Villous size was interdependent with villous vascularity. If there was a generalized decrease in villous vessel numbers in malaria infection this may cause an acute shrinkage of villous area, which seems more likely than a sudden loss of established villous blood vessels. Placental malaria infection causes acute changes to both maternal and foetal haemodynamics, which reverses rapidly, within three days, after effective treatment [32, 33]. Foetal heart rate is increased and it may be that other physiological parameters of the foetal-maternal circulation in the placenta, such as blood pressure, are altered in acute infection. Whether this reduces the perfusion pressure of the villi or causes changes to villous size, which are maintained and seen on subsequent histology, is unclear. Ultrasound Doppler investigation of the placenta during acute malaria also shows that malaria is associated with significantly smaller placental volumes, which can be linked to subsequent IUGR and poor outcome [34].

The pathophysiological effects of malaria infection in the placenta include inflammatory cell localization, cytokine release and direct effects on villous function by parasitized erythrocyte binding [3538]. Cytokine and chemokine release, induced in host leukocytes and syncytiotrophoblastic cells and enhanced by phagocytosis of malaria pigment [39], causes auto-induction of chemokines and angiogenic factors which can attract host monocytes [40]. In other organs where PRBC and leukocytes are sequestered, signalling across endothelial monolayers causes changes to interendothelial cell junctions and oedema formation, such as in the brain during cerebral malaria [41]. There is evidence that adhesion of PRBC to syncytiotrophoblastic cells initiates signalling in these cells by tyrosine phosphorylation [42]. The current findings suggest another potential mechanism for placental dysfunction during malaria infection, where the presence of PRBC and host leukocytes reduces villous surface area, essential for foeto-maternal transfer of gas or nutrients, and disposal of potentially toxic metabolites, affecting foetal growth and development in undiagnosed or recurrent infections.
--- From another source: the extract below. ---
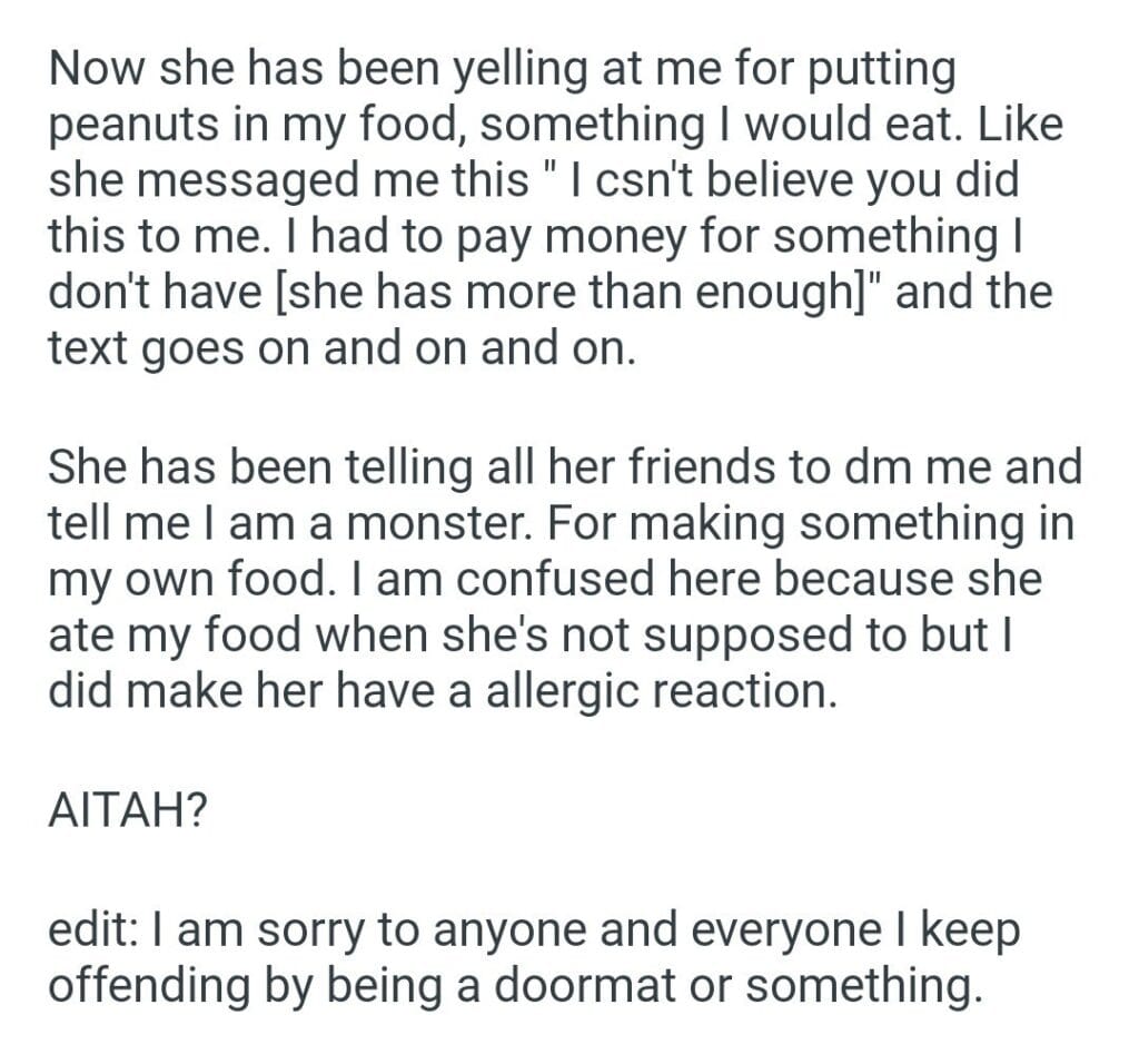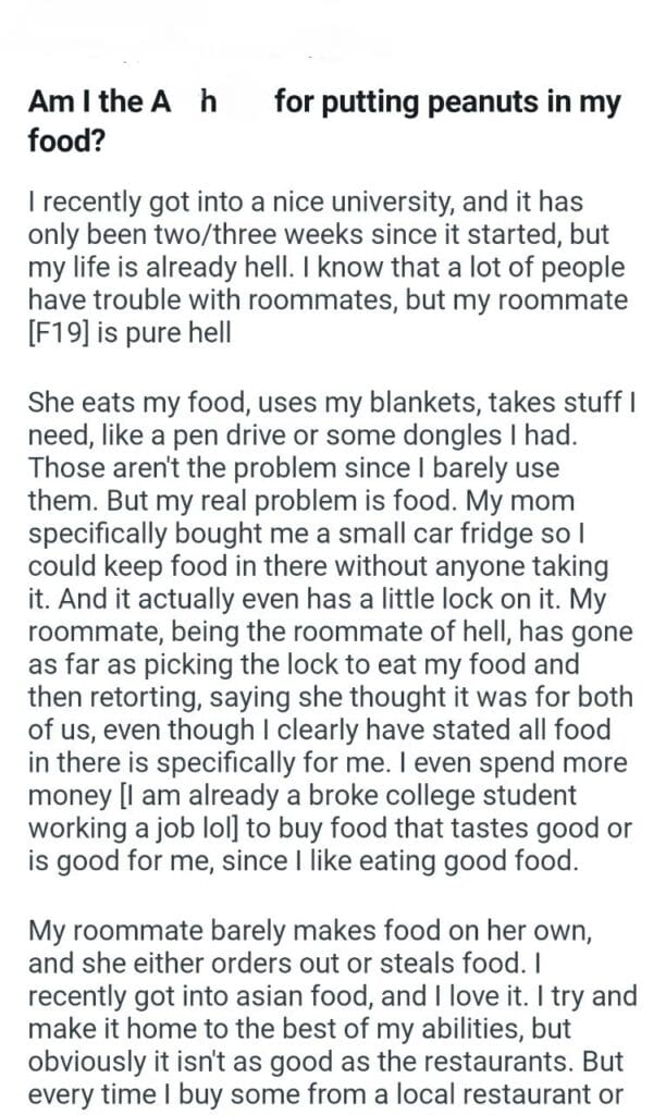 putting peanuts Related Posts completely changing my kids life AITA for telling my dad that if his wife AITA for asking my husband to take my office because my partner AITA for telling my mom with my boyfriend my husband lied my coworker boyfriend flight for my girlfriend my identical twin sister my wife with the dishes my mom’s boyfriend’s son my mom cooking friend to go hiking with me cousin on the family hike

This may result from either increased external osmotic pressure on the villus, or changes to foetal and maternal blood pressure reducing vascular filling, causing acute shrinkage. However the increase in relative villous numbers and therefore total available villous perimeter per unit area, which persists after treatment of infection through to delivery, hints at an attempt at compensation for this.

Conclusions

Digital image analysis was used to examine pathological changes to villous architecture in patients with active and treated malaria and controls. Villous area was significantly correlated with vascularity and inversely correlated with density of villi per unit area. UK controls showed significantly greater villous area and vascularity than Karen groups. There was a significant relationship between villous number and anaemia at the time of infection, but not placental weight and gestational age at delivery. Active malaria-infected cases showed significantly smaller villous area, vascularity, density, and perimeter measurement than controls. However increased villous numbers in malaria cases caused a compensatory increase in total available villous perimeter. Histology score and villous architecture showed no significant differences between infections with either P. falciparum, P. vivax, or consecutive infections by both during the course of pregnancy. These results imply that villous architecture changes acutely during malaria infection, causing shrinkage of the terminal villous and compensatory increase in the number of villi which persists following treatment and eradication of the infection. It cannot be excluded that the reversal of placental morphological changes may be related to improvement in maternal anaemia, caused by malarial treatment. However other architectural and pathological changes induced by malaria infection are reversible given early detection and appropriate anti-malarial treatment.